Вокруг главного здания примостились пристройки, конюшни, церквушка и два обнесенных стеной сада; по обеим сторонам дома и перед фасадом простирался изумительной красоты парк, где, как и много веков назад, бродили лани.
Дом сохранился почти в первозданном виде и теперь выглядел так же, как и в те дни, когда был возведен неким сэром Эдмундом Клиффордом, вельможей и рыцарем-воином Елизаветы Тюдор, королевы английской. Королева пожаловала земли Пуллена сэру Эдмунду в награду за службу короне; позже она удостоила его и других милостей и произвела в пэры, присвоив ему титул графа Клиффорда Аллендейлского и подарив замок Аллендейл и новые земельные угодья в Суссексе.
Сам Эдмунд, а затем и старший сын Томас, унаследовавший титул графа, и все прочие его потомки обитали попеременно то в поместье, то в замке. К концу семнадцатого века Клиффорды стали постоянно жить в замке, который за многие годы разросся и приобрел истинное величие, а поместный особняк с того же времени был обитаем только часть года. Однако за ним всегда хорошо присматривали и вовремя ремонтировали, и на протяжении веков он прекрасно сохранился как внутри, так и снаружи.
К счастью, оттого, что семья Клиффордов в последующие века большую часть времени жила в замке Аллендейл, Пулленбрук оказался неподвержен существенным перестройкам и сохранил в неприкосновенности как свой архитектурный облик, так и Дух эпохи Тюдоров.
Дед Анны, девятый по счету граф, получивший право старшинства, предпочел особняк огромному замку, и таким образом в 1910 году Пулленбрук вновь стал главным местом жительства Клиффордов. Его сын Джулиан, десятый граф и отец Анны, последовал примеру своего отца и прожил в поместье до самой смерти.
Анна Клиффорд Деверо провела в Пулленбруке всю жизнь. Она родилась там 26 апреля 1931 года. Будучи дочерью графа, она носила титул леди, который сохранила и после замужества. В этом древнем доме ее воспитали, из него в 1948 году выдали замуж, и в него же она вернулась молодой вдовой с маленьким сыном три года спустя. В то время ей лучше было находиться в кругу семьи, чем жить одной в огромном особняке в Лондоне, оставленном ей покойным супругом Генри Деверо.

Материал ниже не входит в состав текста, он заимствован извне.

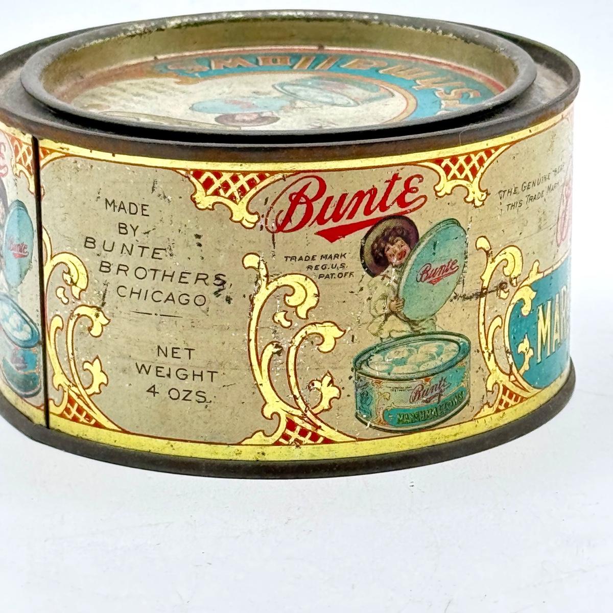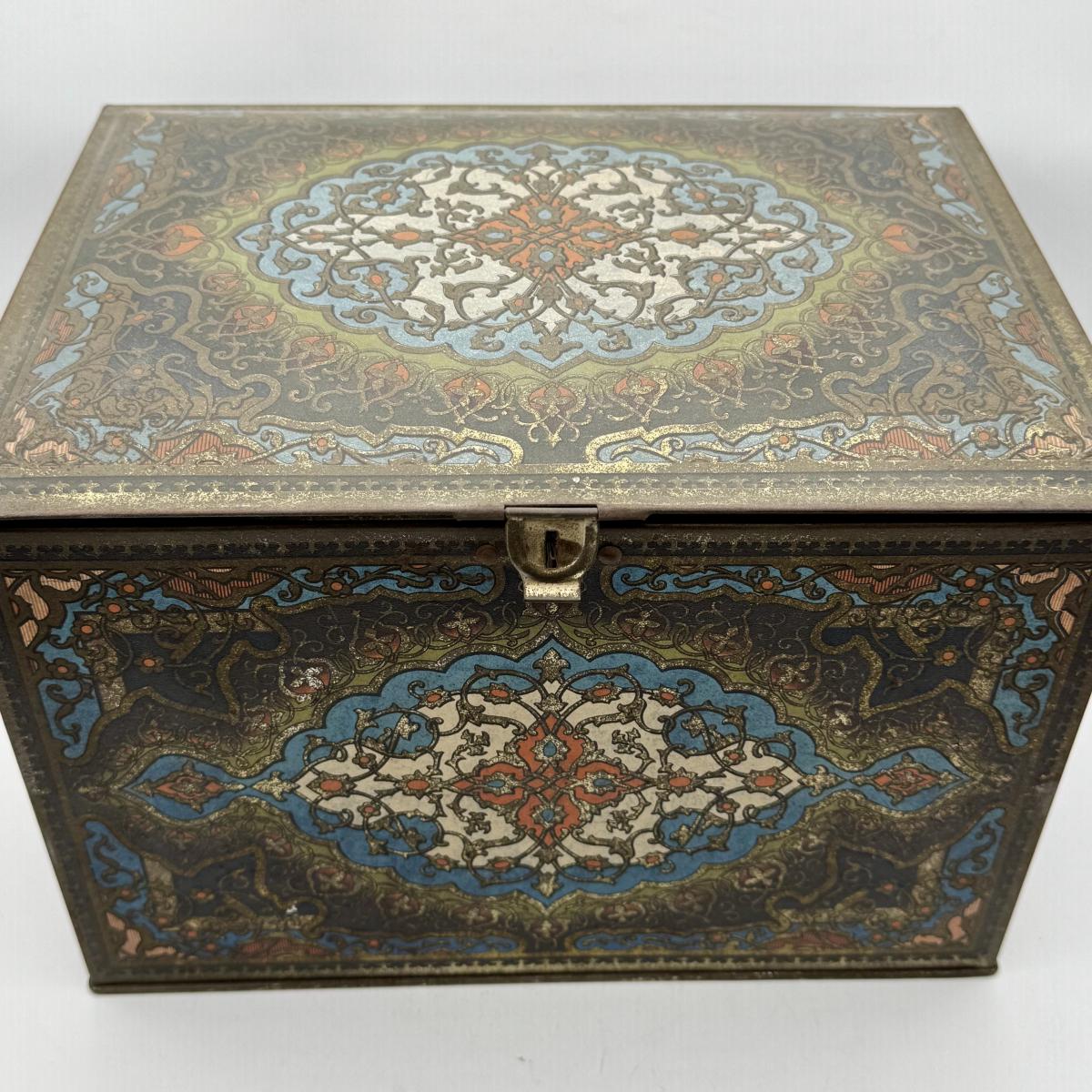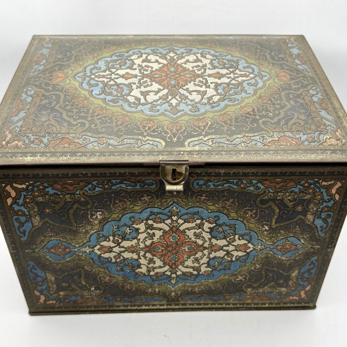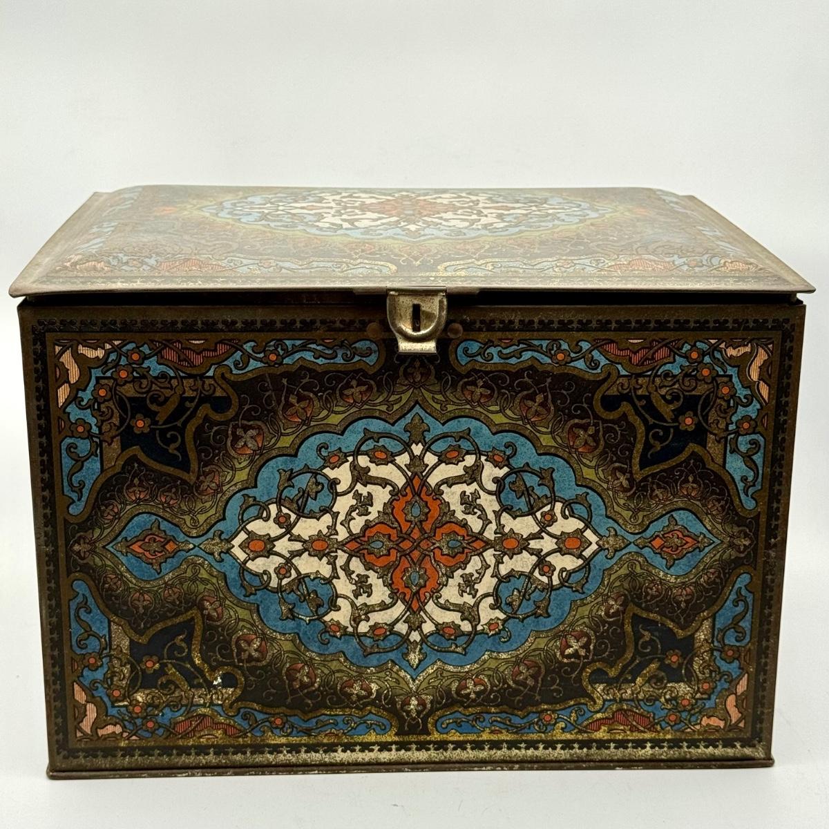 LOT 45P: Assortment of Vintage Tins Including: German Haeberlein-Metzger Gingerbread Tin; Heinz 57 Company Large Biscuit Tin Box; Bunte Marshmallows Tin; and Fatima 100 Turkish Blend Cigarettes Tin
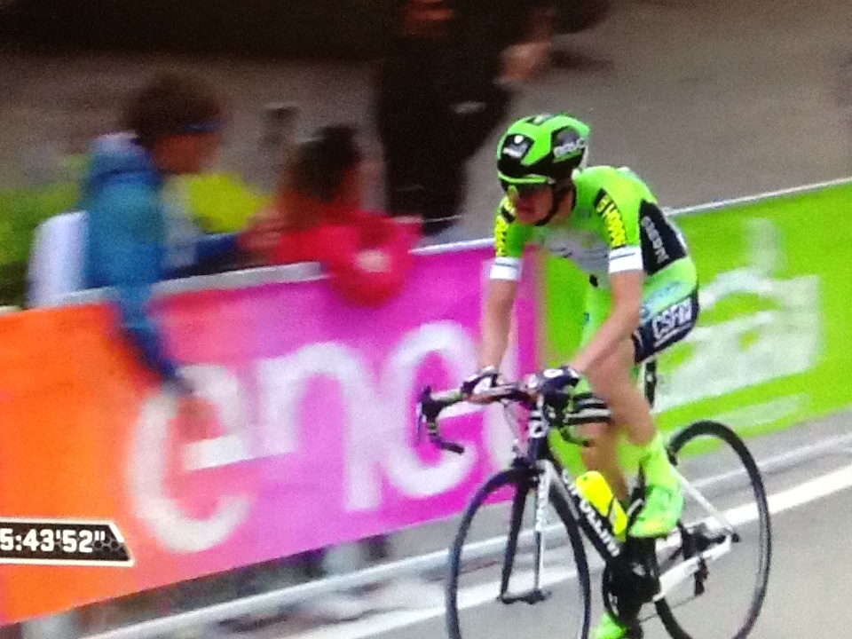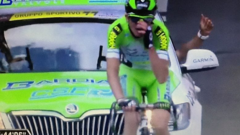 Nell’ultimo tratto il corridore della Bardiani ha fatto il vuoto pennellando, in discesa, le traiettorie degli impegnativi tornanti, fino al trionfo del traguardo.

Когда ее брат Джеффри унаследовал титул графа, поместья и земли после смерти отца в 1955 году, он решил поселиться в замке Аллендейл. Понимая, как сильно сестра его привязана к особняку в Суссексе, он предложил ей жить там сколько она пожелает, независимо оттого, выйдет она замуж вторично или нет.

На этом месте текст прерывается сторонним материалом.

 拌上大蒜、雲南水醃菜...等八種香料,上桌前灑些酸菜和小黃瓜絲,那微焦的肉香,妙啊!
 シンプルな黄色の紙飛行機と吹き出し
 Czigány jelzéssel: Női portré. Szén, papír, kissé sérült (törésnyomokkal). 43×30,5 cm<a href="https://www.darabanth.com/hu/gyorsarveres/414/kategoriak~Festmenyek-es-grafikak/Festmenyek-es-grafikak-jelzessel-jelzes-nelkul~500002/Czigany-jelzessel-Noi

Тридцать восемь лет спустя она все еще жила в Пулленбруке в качестве фактической хозяйки дома своего брата. Сказать, что Анна любила Пулленбрук, значит, не сказать ничего. В некотором смысле она боготворила его. Вся ее жизнь была посвящена поместью, ибо только тут она испытывала чувство покоя и защищенности. Фамильные стены охраняли ее. Кроме того, ей очень нравилась величавая красота старинного особняка и витавший в нем дух вечности. Он был символом продолжения рода и прошлого семьи. Иной раз Анна спрашивала себя, что бы делала, не будь этого дома, в котором она провела столько горьких часов, пытаясь совладать то с печалью, то с одиночеством и сердечной болью, то со скорбью и неизбывной тоской, а то и просто с недугом. Уже одно то, что дом пережил века, казалось, давало ей уверенность в том, что и она сможет пережить и переживет все, несмотря ни на что.
В то воскресное августовское утро Анна вошла в большой зал. Как ни легка была ее поступь, каблучки все же звонко цокали о каменный пол. С букетом роз в руках она ненадолго замерла в дверях, любуясь красотой и покоем, царившими в зале. Так она делала довольно часто – зал неизменно очаровывал ее.

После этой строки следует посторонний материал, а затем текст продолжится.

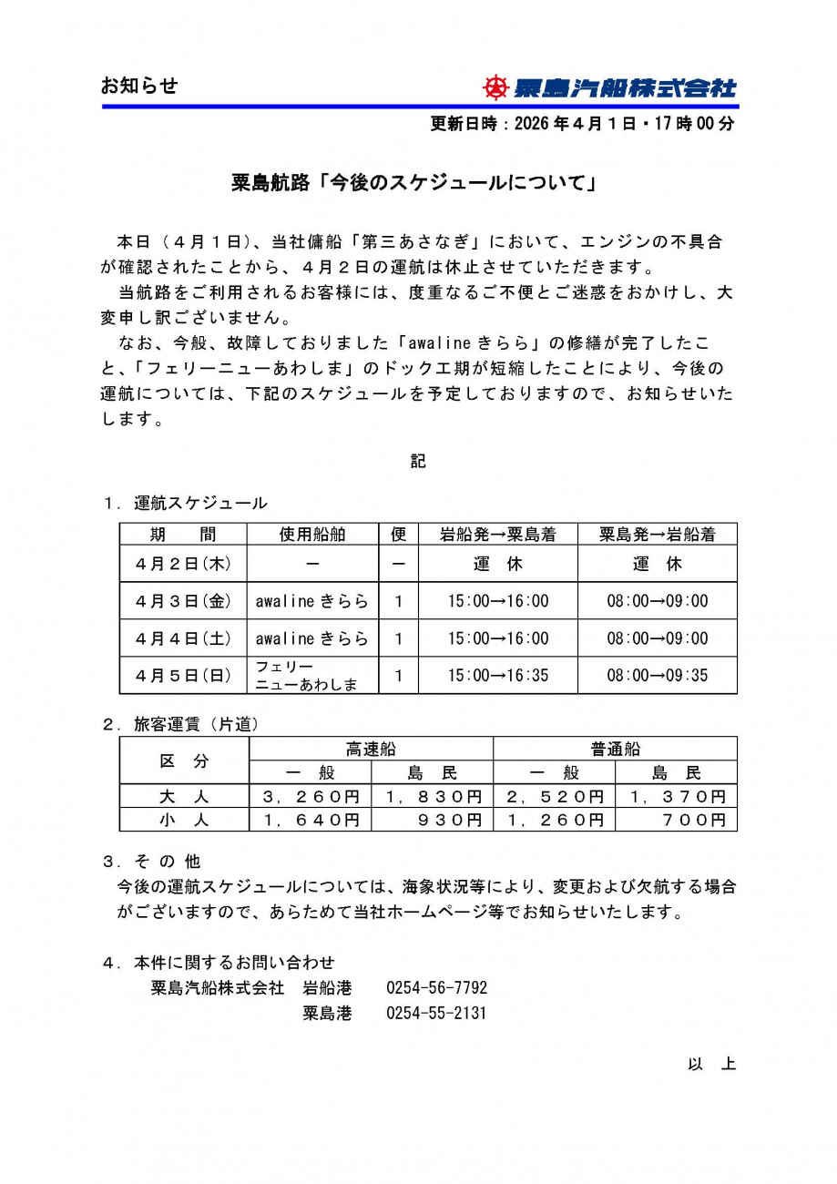 本日、当社で傭船をしています第三あさなぎにおいて、エンジンの不具合が確認されたことから、明日4月2日の運航は休止させていただきます。
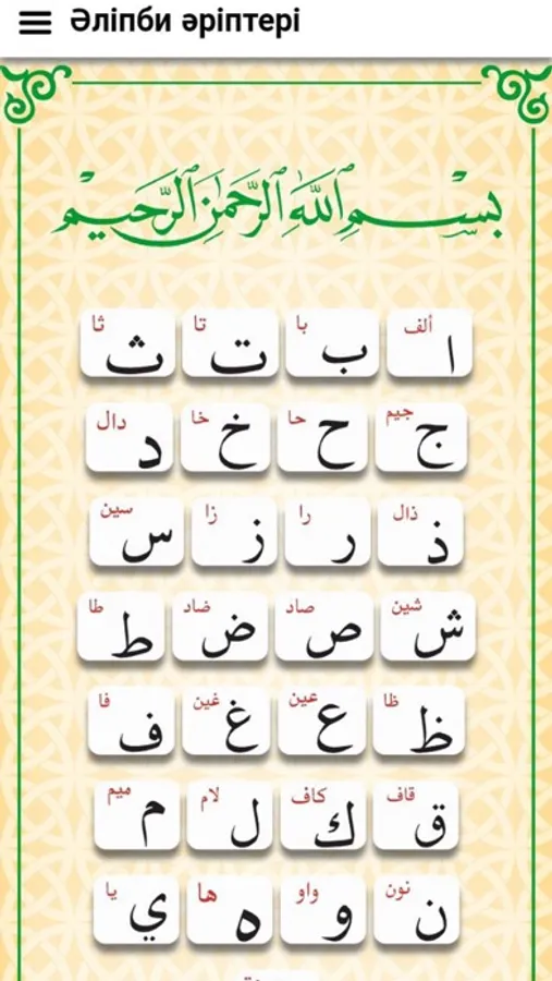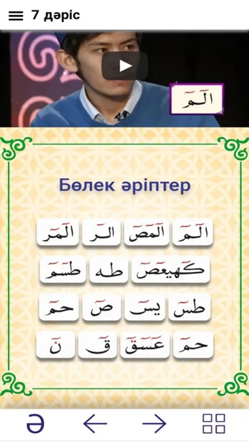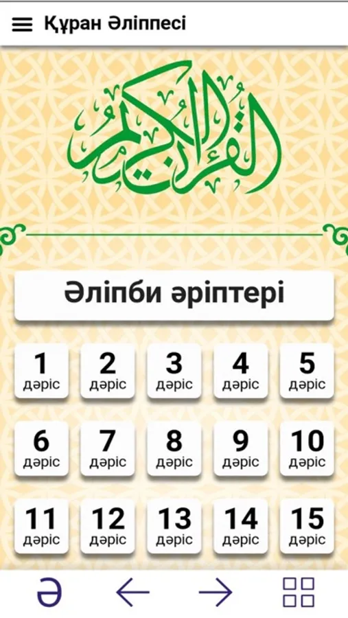 Құран әліппесі қосымшасы 20 сабақтан тұрады. Жоғары жағындағы ұстаздың видеосын көріп, астындағы әріптерді оқып қайталай аласыз.Барлық жастағыларға арналған. Ең жеңілдетілген үйрету жолымен аз уақытта Құран оқып үйренуге арналған қосымша.
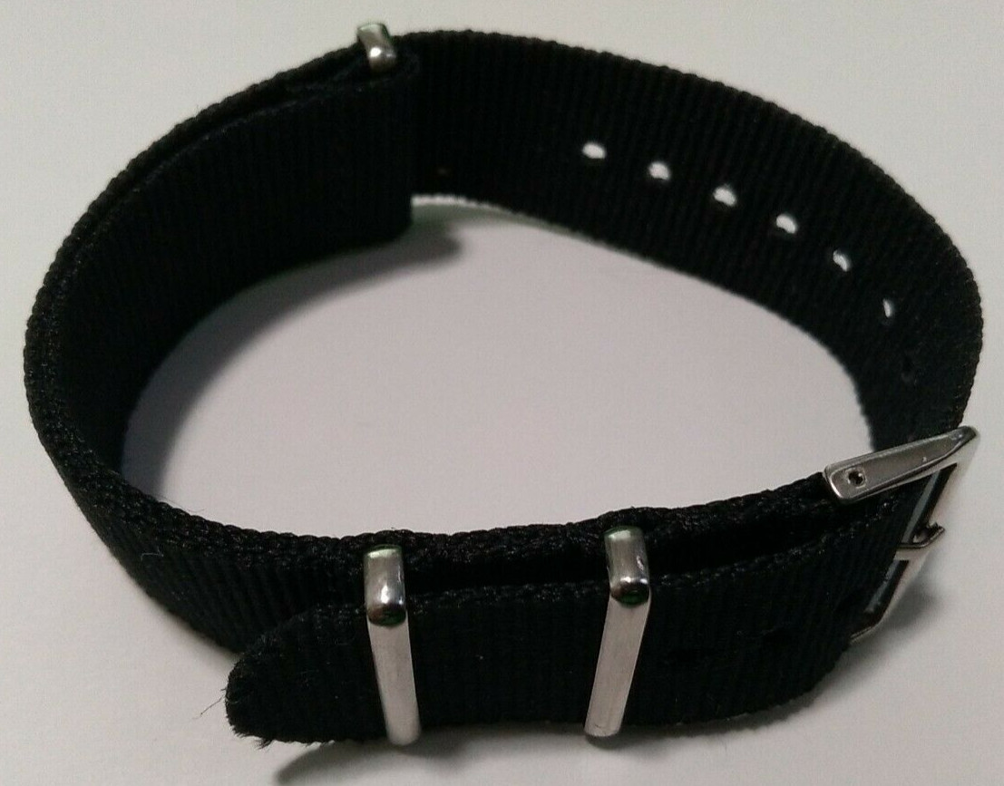 New Fits any 22mm Black Nylon Simple Easy Pass Thru Watch Band One Piece Light

Тысячи пылинок кружились в дрожащих потоках света, лившихся сквозь окна, в остальном же в комнате не было заметно ни малейшего движения. Зал был спокоен, тих и весь залит ярким солнечным светом, который наводил глянец на старинную деревянную мебель, придавая ей мягкий блеск, и выхватывал из тени старинные портреты предков работы таких известных мастеров, как Лели, Гейнсборо и Ромней.
По лицу Анны пробежала легкая улыбка. Все в доме доставляло ей неимоверное удовольствие, но этот зал был ее любимым. Подойдя к длинному обеденному столу, Анна поставила букет на середину и отступила, придирчиво оглядывая его. Главный садовник срезал цветы ранним утром. Они были великолепны. Являя миру все оттенки розового, они чудесно смотрелись в серебряном кувшине с фамильным вензелем, отражавшимся в старинной столешнице. Розы полностью распустились, и несколько лепестков опали. Анна хотела убрать их, но передумала и оставила лежать, решив, что они очень хороши рядом с серебряным кувшином.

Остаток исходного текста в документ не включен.